Required work
Every single entry needs to appear again exactly as given.

#####

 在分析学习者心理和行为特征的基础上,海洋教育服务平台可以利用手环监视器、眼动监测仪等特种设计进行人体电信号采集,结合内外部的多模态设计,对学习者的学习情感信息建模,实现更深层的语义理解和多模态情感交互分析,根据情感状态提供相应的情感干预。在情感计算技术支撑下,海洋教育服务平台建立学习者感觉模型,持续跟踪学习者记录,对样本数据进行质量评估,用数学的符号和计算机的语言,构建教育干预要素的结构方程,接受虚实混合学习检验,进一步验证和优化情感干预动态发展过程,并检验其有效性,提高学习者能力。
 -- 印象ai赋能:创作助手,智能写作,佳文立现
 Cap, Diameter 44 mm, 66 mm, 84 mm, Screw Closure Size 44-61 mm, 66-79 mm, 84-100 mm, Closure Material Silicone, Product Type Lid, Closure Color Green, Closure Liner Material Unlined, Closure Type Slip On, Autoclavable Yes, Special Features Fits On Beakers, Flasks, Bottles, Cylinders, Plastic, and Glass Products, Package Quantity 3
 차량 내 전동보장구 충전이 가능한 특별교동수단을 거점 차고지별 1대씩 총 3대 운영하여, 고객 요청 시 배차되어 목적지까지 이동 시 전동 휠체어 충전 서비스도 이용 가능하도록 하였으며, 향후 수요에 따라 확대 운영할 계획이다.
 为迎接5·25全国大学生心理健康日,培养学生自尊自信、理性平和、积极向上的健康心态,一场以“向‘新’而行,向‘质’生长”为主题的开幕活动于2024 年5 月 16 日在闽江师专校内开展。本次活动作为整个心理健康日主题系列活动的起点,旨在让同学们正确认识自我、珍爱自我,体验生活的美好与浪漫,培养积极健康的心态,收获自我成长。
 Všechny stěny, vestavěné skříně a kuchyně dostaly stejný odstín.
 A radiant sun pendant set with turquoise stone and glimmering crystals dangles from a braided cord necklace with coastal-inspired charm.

#####

Task answer
 在分析学习者心理和行为特征的基础上,海洋教育服务平台可以利用手环监视器、眼动监测仪等特种设计进行人体电信号采集,结合内外部的多模态设计,对学习者的学习情感信息建模,实现更深层的语义理解和多模态情感交互分析,根据情感状态提供相应的情感干预。在情感计算技术支撑下,海洋教育服务平台建立学习者感觉模型,持续跟踪学习者记录,对样本数据进行质量评估,用数学的符号和计算机的语言,构建教育干预要素的结构方程,接受虚实混合学习检验,进一步验证和优化情感干预动态发展过程,并检验其有效性,提高学习者能力。
 -- 印象ai赋能:创作助手,智能写作,佳文立现
 Cap, Diameter 44 mm, 66 mm, 84 mm, Screw Closure Size 44-61 mm, 66-79 mm, 84-100 mm, Closure Material Silicone, Product Type Lid, Closure Color Green, Closure Liner Material Unlined, Closure Type Slip On, Autoclavable Yes, Special Features Fits On Beakers, Flasks, Bottles, Cylinders, Plastic, and Glass Products, Package Quantity 3
 차량 내 전동보장구 충전이 가능한 특별교동수단을 거점 차고지별 1대씩 총 3대 운영하여, 고객 요청 시 배차되어 목적지까지 이동 시 전동 휠체어 충전 서비스도 이용 가능하도록 하였으며, 향후 수요에 따라 확대 운영할 계획이다.
 为迎接5·25全国大学生心理健康日,培养学生自尊自信、理性平和、积极向上的健康心态,一场以“向‘新’而行,向‘质’生长”为主题的开幕活动于2024 年5 月 16 日在闽江师专校内开展。本次活动作为整个心理健康日主题系列活动的起点,旨在让同学们正确认识自我、珍爱自我,体验生活的美好与浪漫,培养积极健康的心态,收获自我成长。
 Všechny stěny, vestavěné skříně a kuchyně dostaly stejný odstín.
 A radiant sun pendant set with turquoise stone and glimmering crystals dangles from a braided cord necklace with coastal-inspired charm.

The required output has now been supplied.